One doesn’t expect this much plot from Michelangelo Antonioni! But from Cesare Pavese’s story “Three Women Sun,” he has created a solemn, sensible vision, one without recourse to religion, in which what matters most are the psychological inquiry, especially into the mental lives of the female characters, their unsettled spiritual state, and the shimmering poetry of Turin’s deserted streets at night, which is correlative to this. Assisting Antonioni in the elusive, mysterious atmosphere that he conjures in The Girlfriends is composer Giovanni Fusco’s delicately haunting music and Gianni Di Venanzo’s evocative black-and-white cinematography.
1957
IL GRIDO. Mechanic Aldo abandons lover Irma, taking their child, when she refuses to marry him upon news of her husband’s death. Aldo drifts through gray industrial landscapes in northern Italy.

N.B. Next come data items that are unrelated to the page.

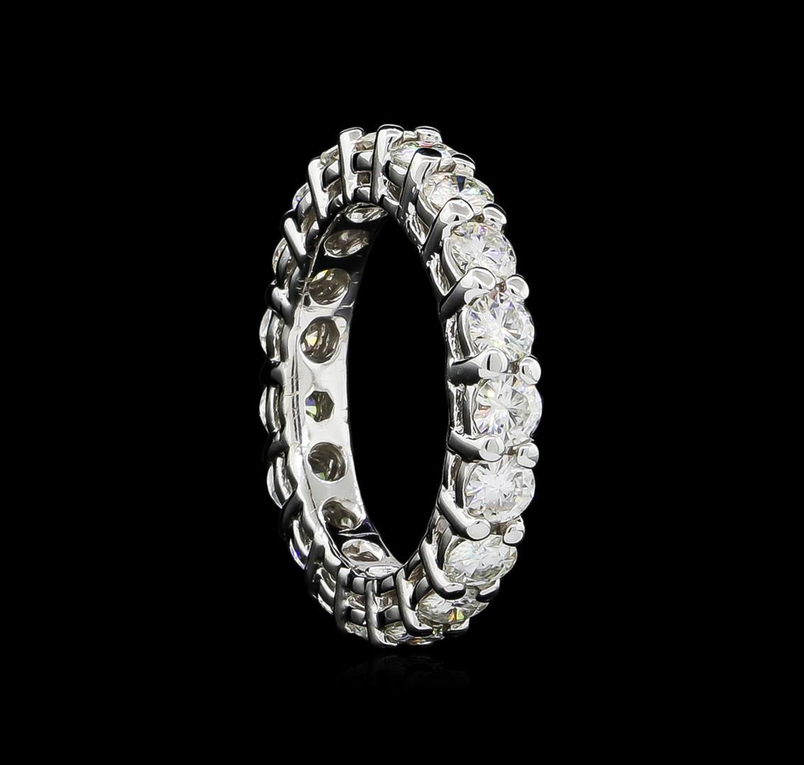 One electronically tested 14KT white gold ladies cast moissanite eternity ring with a bright polish finish. The ring features a continuous three millimeter wide moissanite ribbon. Ring size 5. Condition is good. Containing: Nineteen prong set round brilliant cut laboratory created moissanite, measuring 3.02 - 3.00 x 1.75mm, approximate total weight of 2.00ct., clarity is eye clean, colorless, very slightly grayish, white color, (GIA W 0/3), cut is good. Transmitting light with not distortion, transparent. Color grade is an average for the group. Graded in the setting. Moissanite is cut with the table perpendicular to the "c" axis. By looking through the table of a moissanite, the singly refractive direction, no doubling will appear. Looking through the crown or pavilion facets doubling (the doubly refractive direction) will be visible. Laboratory created moissanite is a diamond stimulant, man-made material with no gem-quality natural counterpart, but gives positive reaction to a standard diamond tester. Laboratory created moissanite has extreme fire, much more than a diamond equivalent size and cut. Total Weight of Colored Stones 2.00ct. Total Weight of Ring 3.97gm. AIG Appraised at $1,830.00.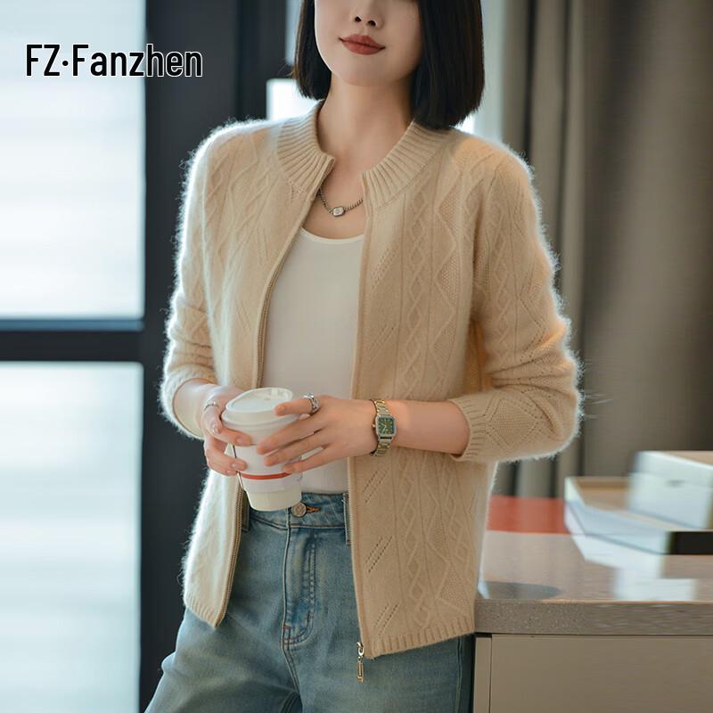 Fanzhen Women's 100% Wool Thick Knit Stand Collar Cardigan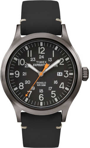 Timex Men's Expedition Scout 40mm Watch – Gray Case Black Dial with Black Genuine Leather Strap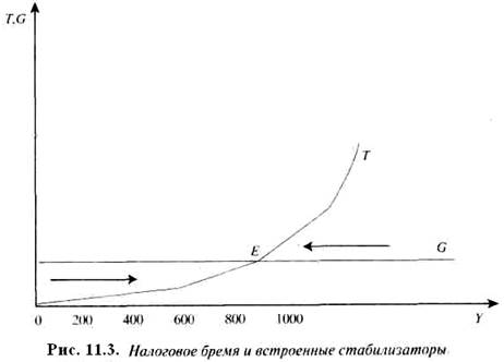 Законодательный орган определяет только ставки налогов, а не размер налоговых поступлений, так же как сумму выплаты по одному пособию, но не количество пособий. Суммарный объем налоговых поступлений и выплат по безработице определяется состоянием экономики. При помощи встроенных стабилизаторов в зависимости от экономической конъюнктуры изменяются налоговые поступления и государственные трансферты, таким образом, они сглаживают циклические колебания, но не устраняют их. В период спада встроенные стабилизаторы приводят к уменьшению налоговых поступлений в государственный бюджет, росту социальных выплат и дефициту государственного бюджета. В период подъема происходит обратный процесс. На рис. 13.3 представлен механизм действия такого встроенного стабилизатора, как прогрессивное налогообложение.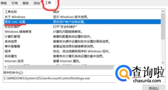 然后在系统配置中选择工具,在工具中点击更改UAC设置,点击启动。

The Cry’s depiction of a man’s life at loose ends finds Michelangelo Antonioni unhinging conventional narrative in order to invent a more flexible and poetic cinematic form stressing human behavior and the environmental factors contributing to it—Neorealist aims, but considerably less tied to the requirements of eighteenth- and nineteenth-century storytelling. Perhaps the melancholy landscapes may be too refined to counter with sufficient gusto the tyranny of plot (L’avventura, 1960, will complete the task); but the insinuative background of workers demonstrating against a proposed American airbase, not to mention the use of a poster advertising national integrity, doubles as a sly kick at the Hollywood way of pushing a plot line forward to connect a series of formulaic dots.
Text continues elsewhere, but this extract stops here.